Our evaluation, on the other hand, was specific to the legal services industry. Rather than rate “creativity”, we simply evaluated responses as a bar examiner would when writing bar exam results, i.e., did the applicant spot the legal issues, frame the issue correctly, analyze the application of fact to law, and return with a conclusion? 

The Base Fact Pattern

“I am married and live in Chicago. Our net worth is $6 million. Of that, assets worth $3 million are located in Illinois. The rest, $3 million are located in Washington, to include a summer vacation home worth $1.5 million and a $500,00 non-qualified brokerage account inside a Washington state governed living trust. The assets in Chicago include a personal residence worth $1 million and the rest are assets in my IRA. The Washington state property is all community property pursant to a community property agreement. The Illinois residence is titled in my name as is the IRA. We have no estate planning documents at all.

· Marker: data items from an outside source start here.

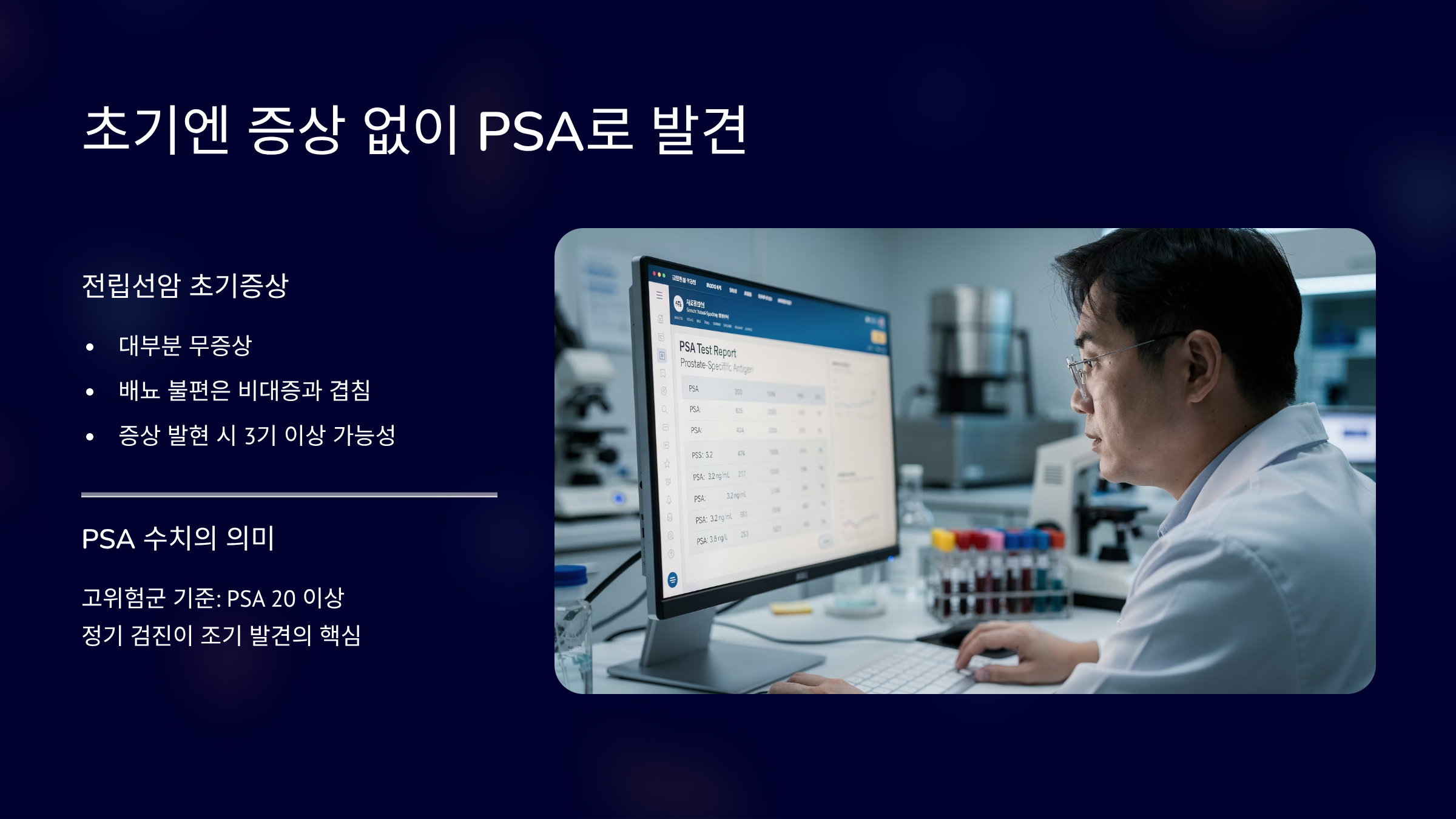 초기엔 증상이 거의 없고, PSA 검사로 먼저 잡히는 경우가 많습니다.
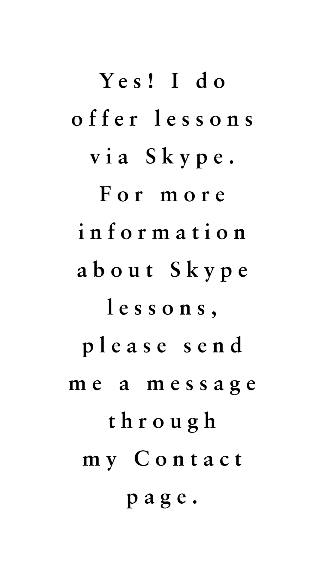 Yes! I do offer lessons via Skype. For more information about Skype lessons, please send me a message through my Contact page.
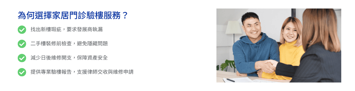 專業驗樓新盤單位,發現瑕疵即時執漏,保障收樓品質與入住安心。
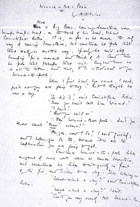 הנה עמוד מכתב היד של א.א. מילן מהספר פו הדוב:
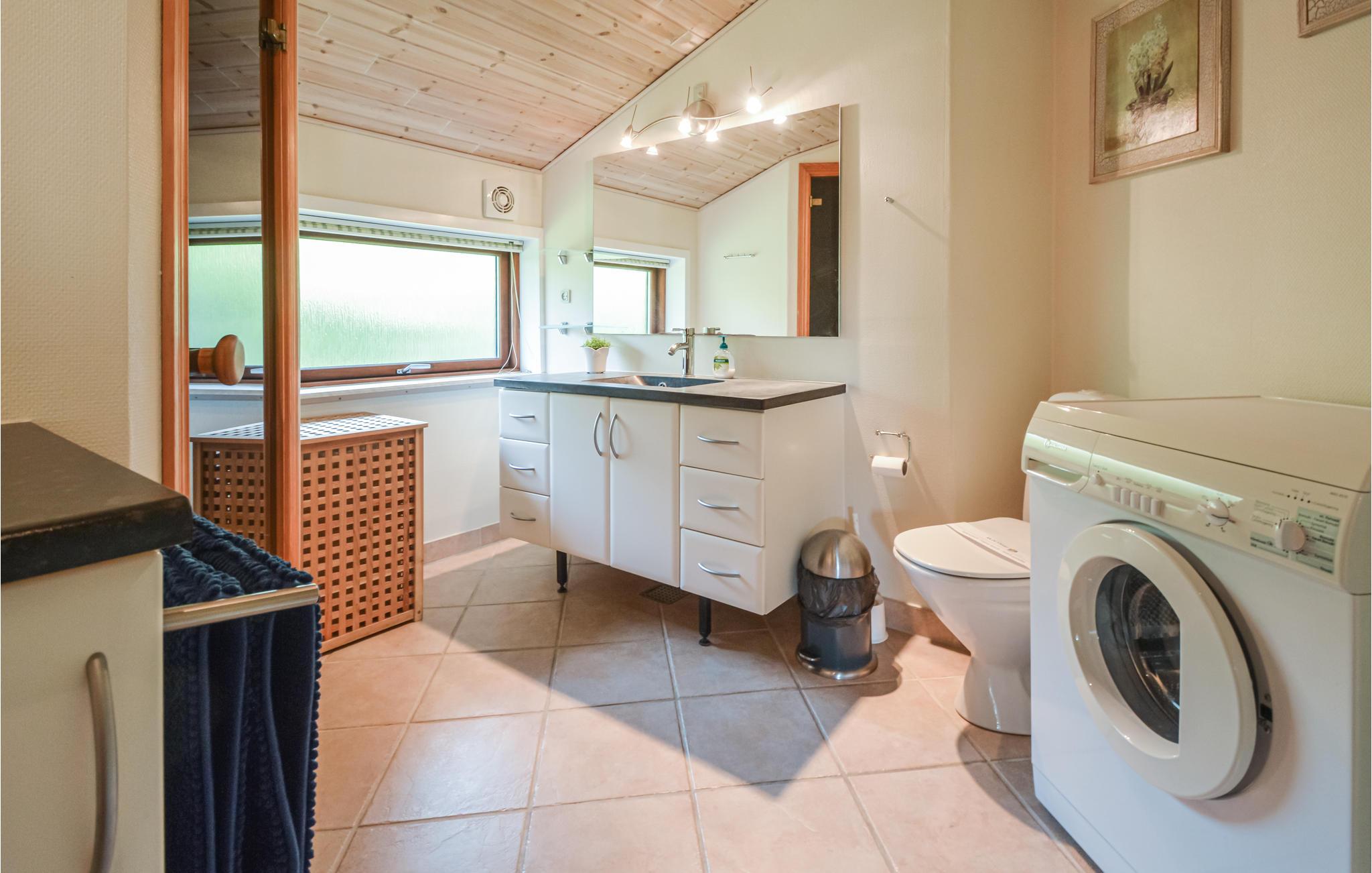 Udenfor finder I en dejlig træterrasse med havemøbler, parasol og grill til hyggelige aftener med hele familien. Familiens yngste medlemmer vil elske haven, hvor de kan boltre sig uforstyrret. Der er en gynge, sandkasse og masser af plads til at lege.

If I die later today, and my wife dies tomorrow, what taxes, if any, will be due. Tell me the type of tax due, e.g., income tax, capital gains tax, inheritance tax, estate tax, property tax, the amount due for each tax, and the government agency responsible for collecting the tax.”

 Key areas of focus included:

  • Community Property Rules: Understanding how these rules differ between Washington and Illinois.

  • State-Specific Estate Taxes: Recognizing the different estate tax exemptions in Illinois and Washington, both of which are among the twelve states with their own estate tax.

  • Tax Basis Adjustments: Determining when Sections 1014-16 apply to allow for an adjusted tax basis under different scenarios.

  • STUB Rule Application: Comparing how the STUB rule works in Washington versus Illinois.

  • Credit Shelter Trusts: Evaluating whether a Credit Shelter Trust can have a second step-up in basis.

  • QTIP Trust Mechanics: Understanding the mechanics and implications of a Qualified Terminable Interest Property (QTIP) trust.

  • Estate Tax Exemptions: Applying estate tax exemptions properly and calculating tax liability using graduated tax rates above the exemption amount.

  • Federal Estate Exemptions: Identifying differences in federal estate exemption amounts.

  • Funding Formulas: Assessing funding formulas in an estate plan when marital and nonmarital shares are split.

  • Legal Authority for Allocation: Determining whether there was legal authority to allow the personal representative to allocate or fund each share after the first spouse died.

By incorporating these elements and testing specific scenarios, the evaluation aimed to thoroughly assess the models’ abilities to handle complex legal and tax issues accurately and effectively.

Results

In an effort to rigorously evaluate the capabilities of various AI models in handling complex legal and tax issues, a detailed fact pattern was developed. This fact pattern evolved progressively, adding layers of complexity to test each model’s knowledge and application across a wide range of legal concepts and jurisdictional differences.

One of the primary areas of focus was the understanding and application of community property rules, which differ significantly between Washington and Illinois. The fact pattern required the models to discern these differences and apply the correct rules based on the state-specific context. Additionally, the models were tested on their ability to recognize and apply state-specific estate tax exemptions. Both Illinois and Washington are among the twelve states that impose their own estate tax, each with unique exemption amounts and graduated tax rates.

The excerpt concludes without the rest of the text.